Do we use the o19s elasticsearch plugin, or do we update search/ltr repository to work with ES5?

EBernhardson created subtask T162072: Push LTRank feature generation queries into elasticsearch, and read back all the feature logs.Apr 3 2017, 5:28 PM

EBernhardson created subtask T162075: Oozie job for merging click data with DBN relevance scores.Apr 3 2017, 6:10 PM

EBernhardson updated the task description. (Show Details)Apr 3 2017, 8:30 PM

I'm also not entirely sure on the part the takes query+page ids that were labeled, ships to prod, gets the features back, and then generates datasets suitable for running a learning algorithm. In an ideal world i think this should probably be a single step, from the developers point of view, such that it is very easy to train models with new sets of features. The pipeline from a feature engineering perspective should ideally be:

Define a set of elasticsearch queries we want to use as features
Run some command that selects a suitable sample of results, collects features, merges with dbn labels, spits out data formatted for a training library, trains the library with optional hyper parameter optimizations, and outputs a set of performance scores indicating how well this set of features did, and a model file that can be loaded into relforge to run manual/external relevance tests.

There is also a potential optimization available to generate only "new" features, reusing features we've already collected, but i think it is a bit premature to work that out.

Should we continue with writing single scripts in directories of wikimedia/discovery/analytics repository, or should we build a python library that can be distributed as an egg to spark?

I've been thinking about this, and I think to support multiple use cases, such as automated updates of models in production with new data and feature engineering, the best route here will probably be to build out a python library. We will already have to figure out what the deployment plan looks like to get the clickmodels .egg distributed so including a second egg doesn't seem that much of an ask. This would allow keeping the python scripts in the wikimedia/discovery/analytics repo quite small, mostly just creating the spark context and calling into the right pieces.
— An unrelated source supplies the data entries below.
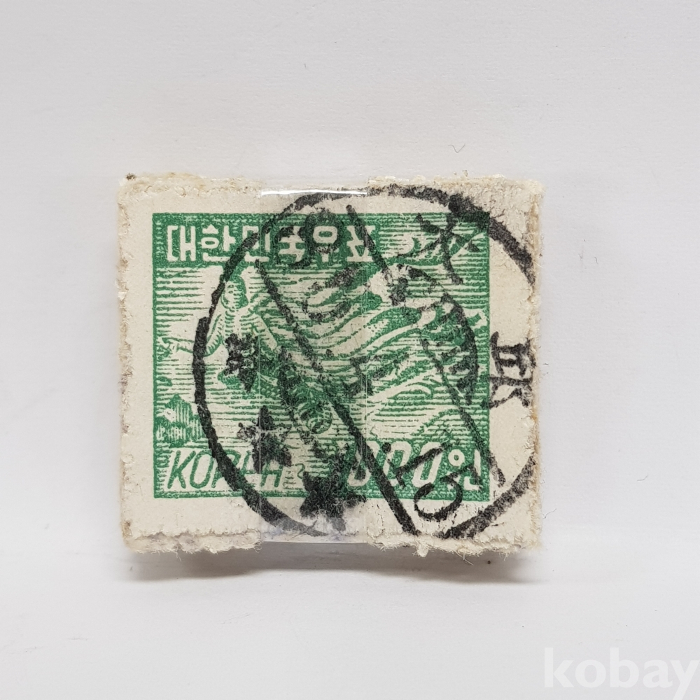 - 1950년대 동양정판사 1000원 천인공양도 일부인 미확인 사용제 우표 약 50매 묶음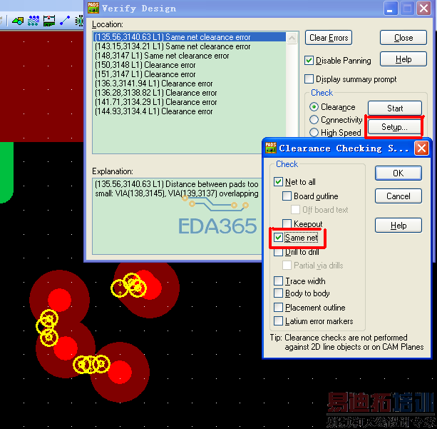 这个只能查找出同一网络的孔中心不在一点的两孔,但是不能找到中心点完全重合的孔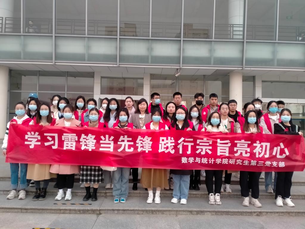今年是毛泽东等老一辈革命家为雷锋同志题词60周年,为进一步弘扬和传承雷锋精神,加强校园文化建设,以实际行动学习宣传贯彻党的二十大精神,数学与统计学院研究生第三党支部开展“学习雷锋当先锋 践行宗旨亮初心”党日活动,进行规范车辆摆放、校园清洁等志愿服务。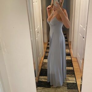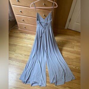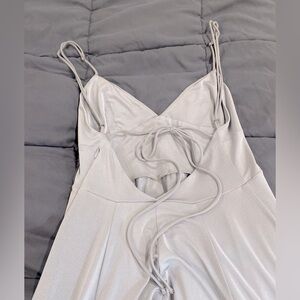 VGUC. Semi formal. Silver//gray with a bit of shine to material. Made in Indonesia. Extra wide leg full length pants romper.Adjustable straps, pull on, with a size zipper. Also has an adjustable tie in the back. Fits to your body. The romper moves with you. Looks almost like a dress on. Factory Raw hem at bottom of pant legs. It’s elegant & flattering. Size Small. ***For reference I’m a size small//US 2. Five foot 6 with heels on in pics. Size 32 E bust. Usually I won’t wear rompers this was comfy, easy to into & no fuss.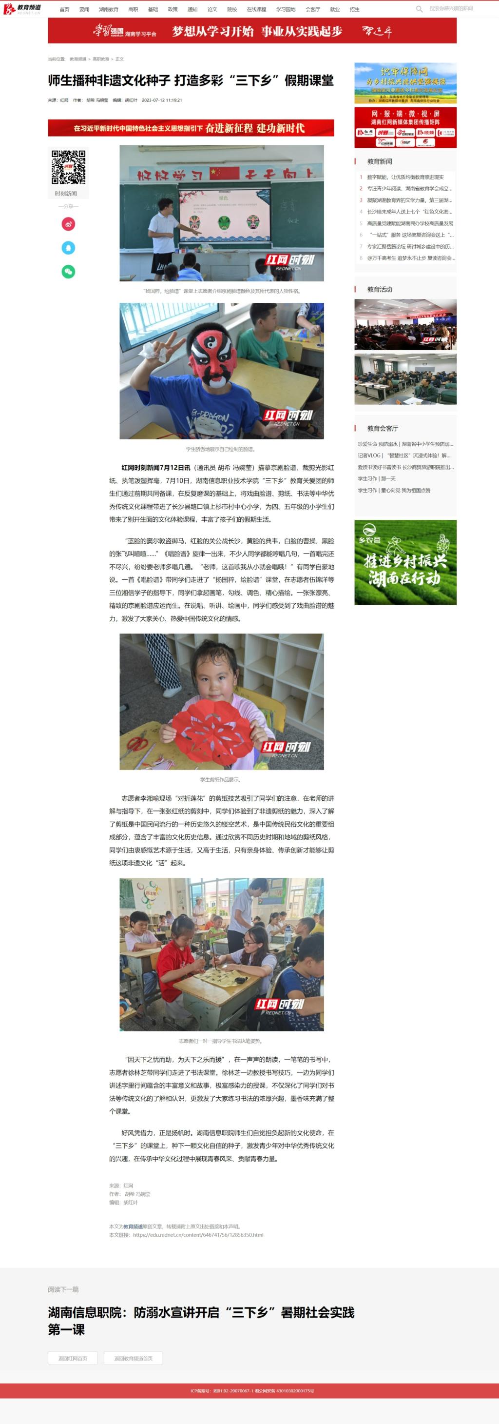 7月12日,红网发布《师生播种非遗文化种子 打造多彩“三下乡”假期课堂》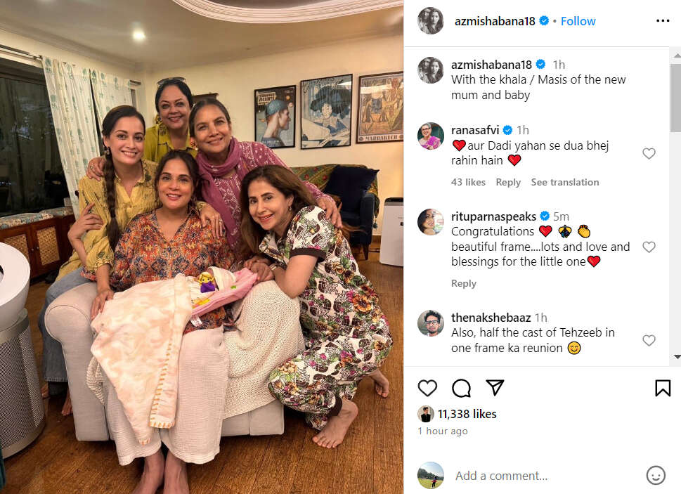 फोटो के कैप्शन में प्रशंसकों सहित अभिनेत्री दीया मिर्जा ने लिखा, "हमारे जीवन के सबसे अच्छे दिनों में से एक।" वहीं, उर्मिला मातोंडकर ने भी कमेंट में अपने दिल की बात कही है. राना सफ़वी ने कमेंट कर लिखा कि दादी यहां से आशीर्वाद भेज रही हैं.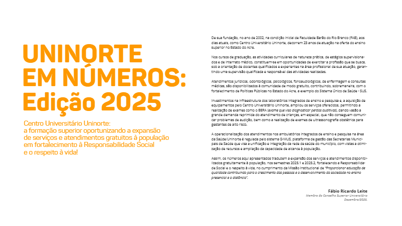 O Centro Universitário Uninorte, presente no Acre desde 2002, lançou o relatório anual “Uninorte em Números – Edição 2025”, detalhando a extensão e a diversidade de atendimentos gratuitos prestados à população ao longo dos semestres 2025.1 e 2025.2. O documento evidencia a relevância social da instituição, que alia ensino superior de qualidade à promoção do bem-estar e da saúde da comunidade.

Perhaps also handling the paths where things are loaded from/stored to

EBernhardson renamed this task from backend data engineering and plumbing for LTR to backend data engineering and plumbing for LTRank.Apr 5 2017, 8:14 PM

EBernhardson created subtask T162311: Setup test/train/validation splits for our training data..Apr 5 2017, 8:34 PM

EBernhardson moved this task from Current work to Up Next on the Discovery-Search board.Apr 17 2017, 6:06 PM

EBernhardson edited projects, added Discovery-Search; removed Discovery-Search (Current work).

EBernhardson created subtask T163407: Collect feature vectors from elasticsearch in mjolnir.Apr 20 2017, 12:53 AM

EBernhardson created subtask T166585: Calculate NDCG of click data that feeds the MLR pipeline.May 30 2017, 4:51 PM

debt closed subtask T162056: Generate DBN relevance labels from click data as Resolved.May 30 2017, 5:15 PM

debt closed subtask T163407: Collect feature vectors from elasticsearch in mjolnir as Resolved.
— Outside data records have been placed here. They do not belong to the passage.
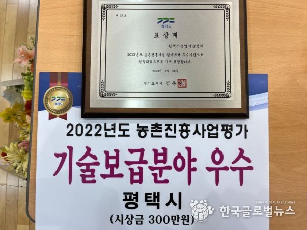 (한국글로벌뉴스 - 박소연 기자) 평택시는 지난 29일 경기도농업기술원에서 열린 ‘2022년 농촌진흥사업 종합평가회’ 시상식에서 기술보급분야 우수기관상을 수상했다.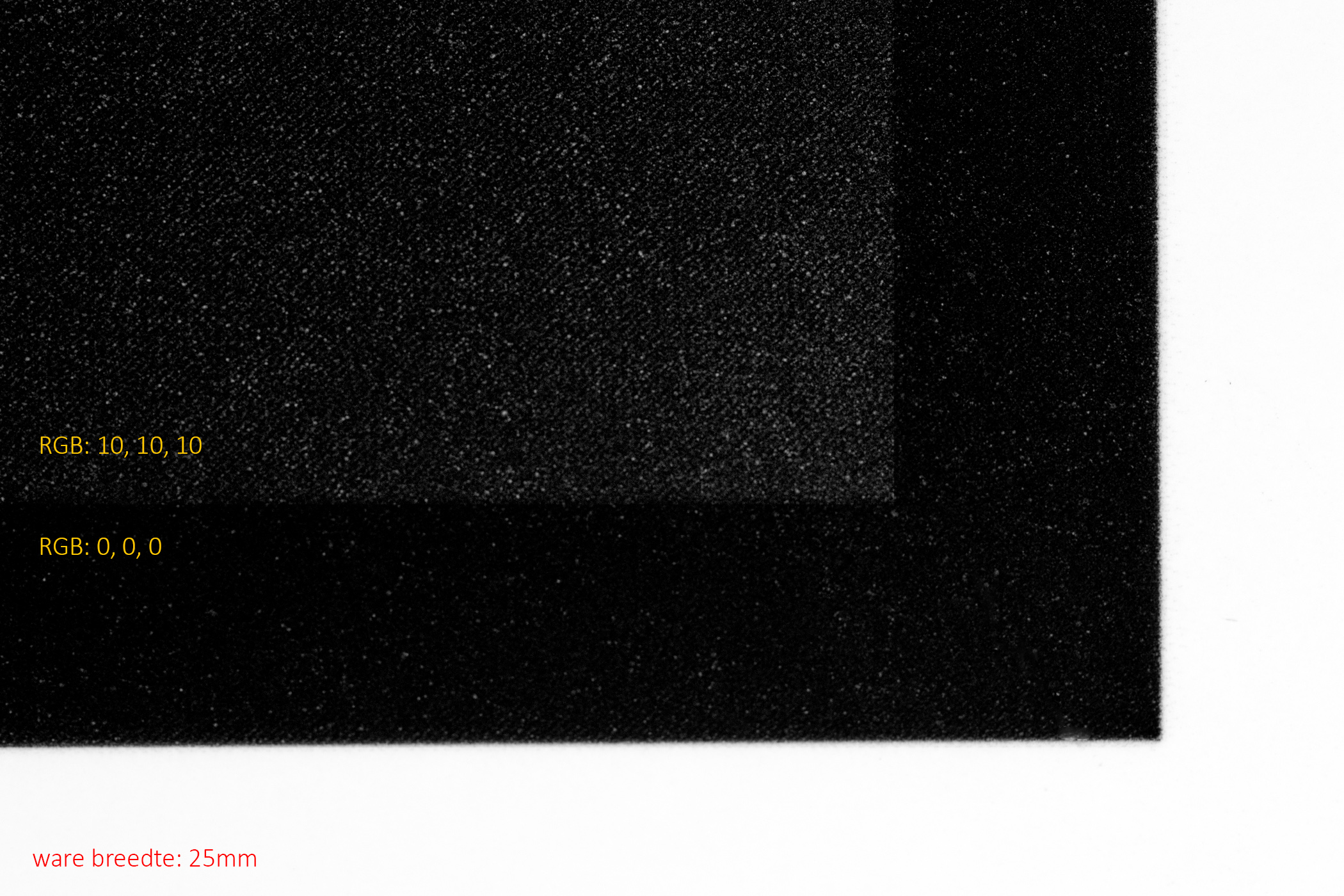 Als je op enigerlei manier een foto zwart-wit gemaakt hebt en je wilt hem (laten) afdrukken, zorg dan dat het een RGB-bestand is voor de beste resultaten. Dus geen Grijswaarden-modus, maar een echte RGB, waarbij de waarden van Rood, Groen en Blauw aan elkaar gelijk zijn. De keuze sRGB of AdobeRGB is bij zwart-witprints niet relevant.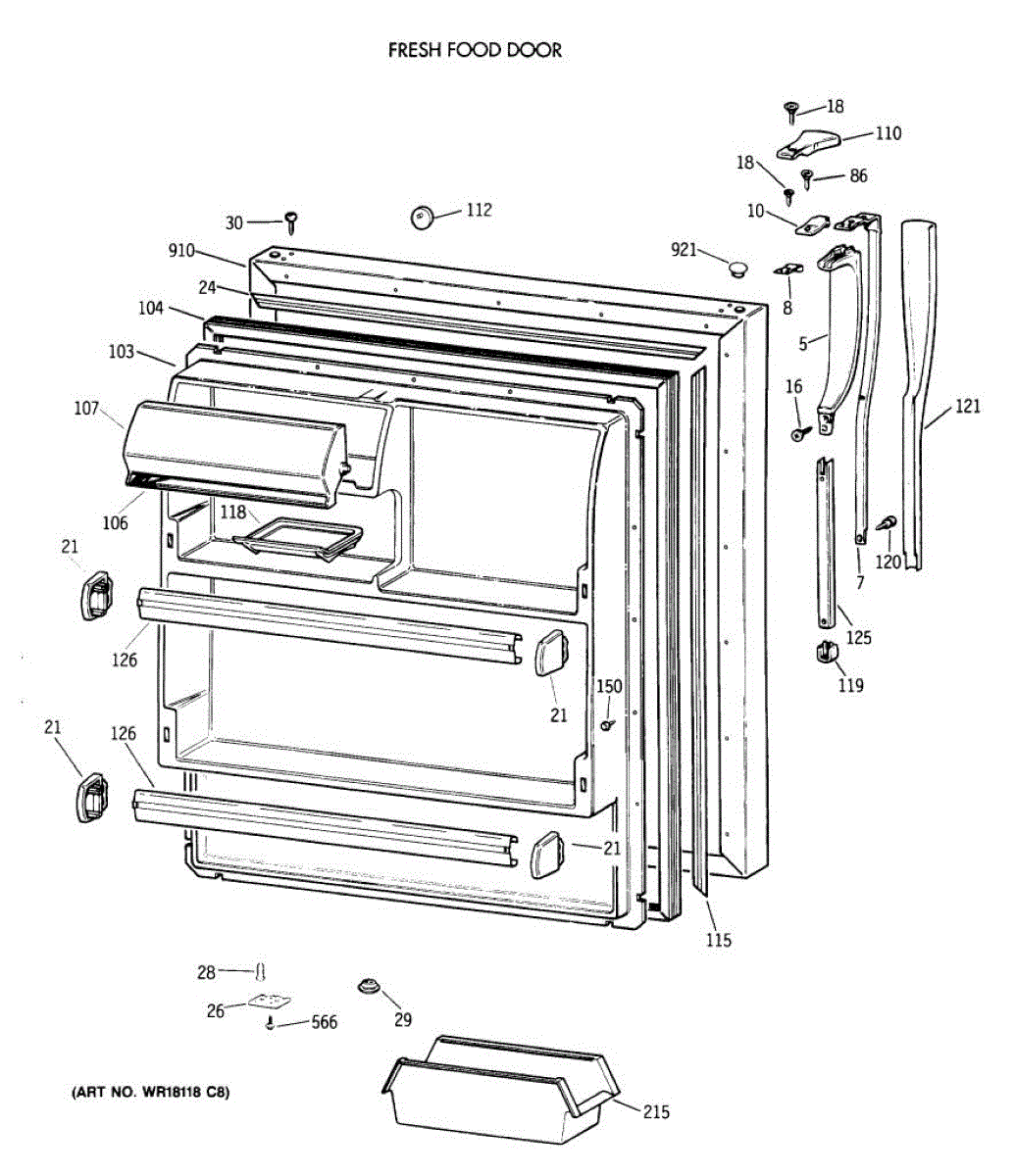 Seals the fresh food door to prevent cold air loss and maintain temperature. Replace if cracked, torn, or not sealing properly. Verify fit by model.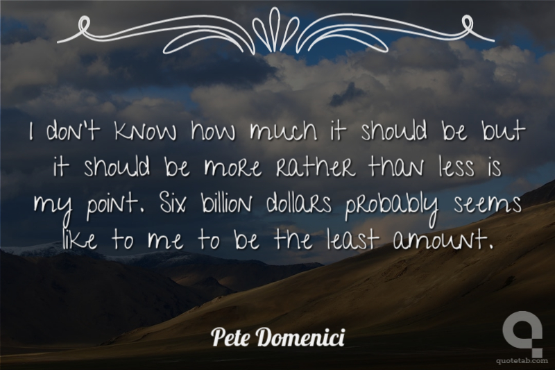 I don't know how much it should be but it should be more rather than less is my point. Six billion dollars probably seems like to me to be the least amount.

debt closed subtask T166585: Calculate NDCG of click data that feeds the MLR pipeline as Resolved.Jun 16 2017, 5:35 PM

debt closed subtask T162311: Setup test/train/validation splits for our training data. as Resolved.
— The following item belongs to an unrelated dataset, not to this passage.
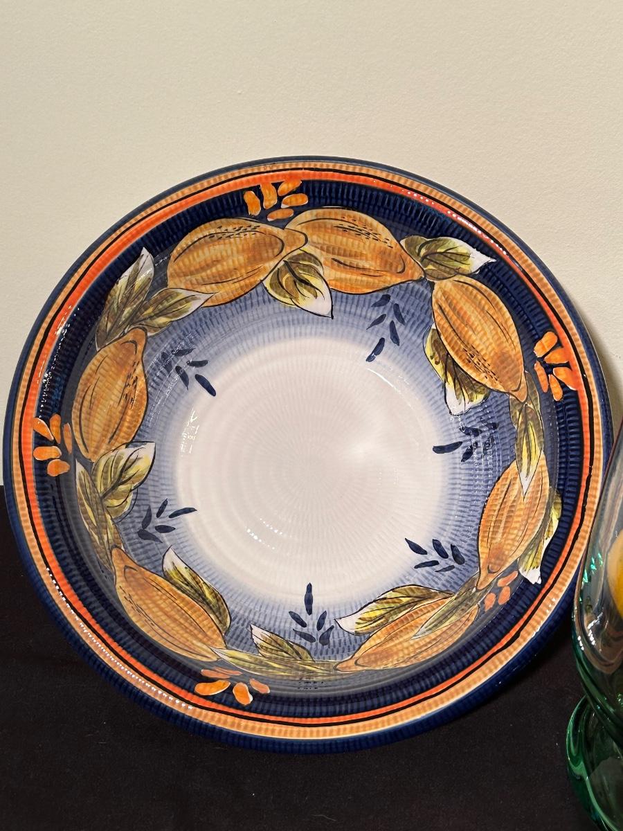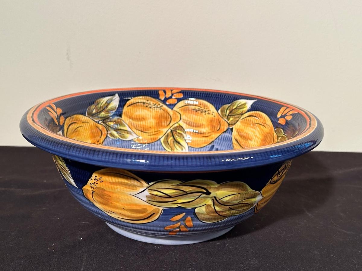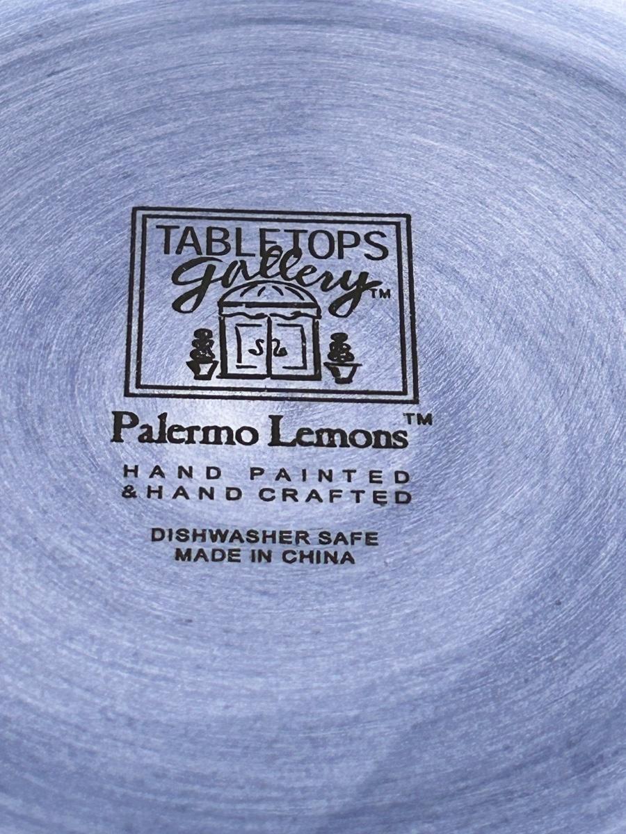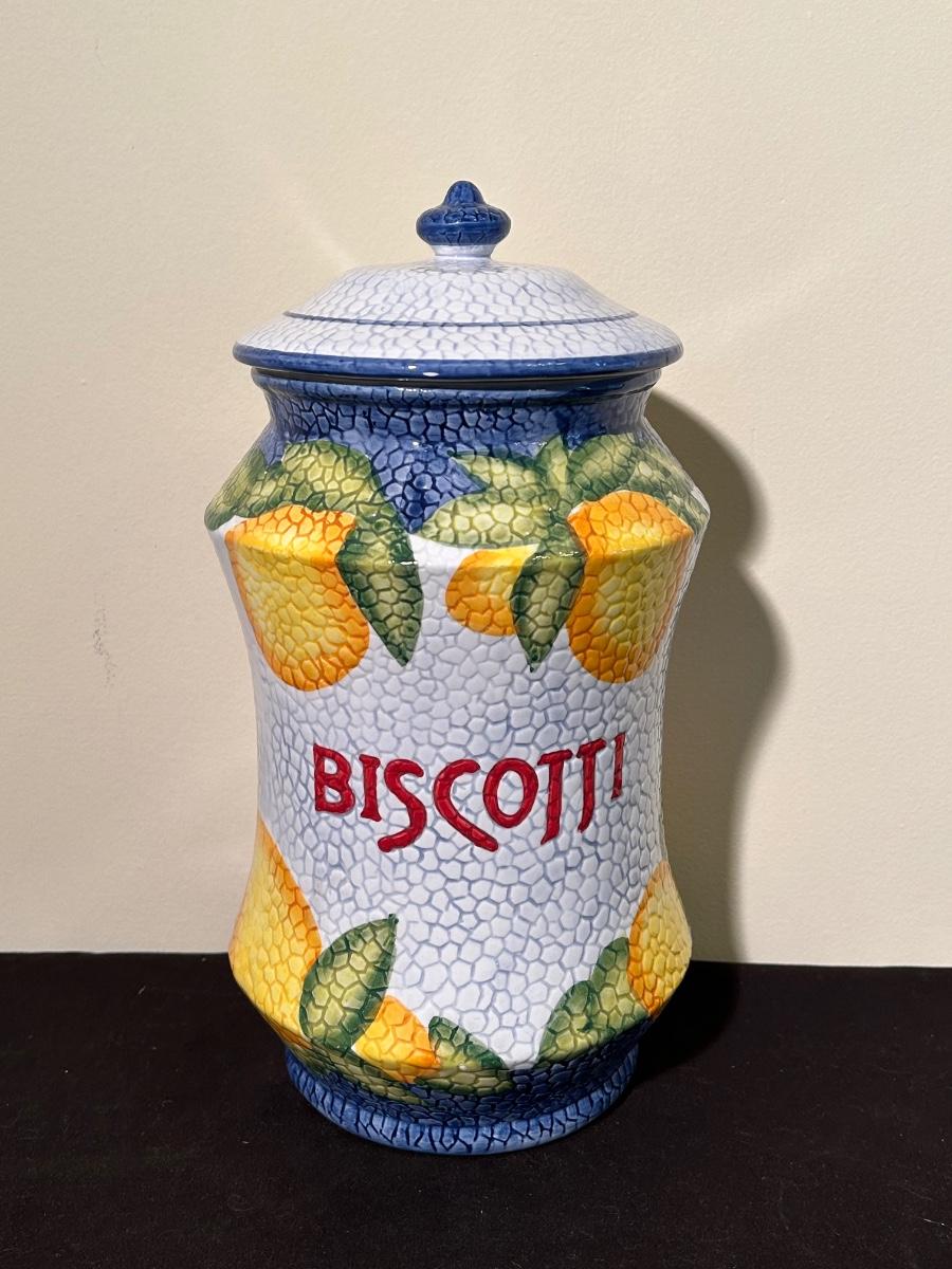 Lemon themed home goods including biscotti jar, artificial lemons, large bowl chalk board and more.

EBernhardson created subtask T168813: Collect features from the sltr query.Jun 26 2017, 5:40 AM

debt closed subtask T162072: Push LTRank feature generation queries into elasticsearch, and read back all the feature logs as Resolved.Jul 7 2017, 9:04 PM

debt closed subtask T162059: Kafka consumer to take learn to rank queries from a queue and run them against elasticsearch to generate relevance labels. as Resolved.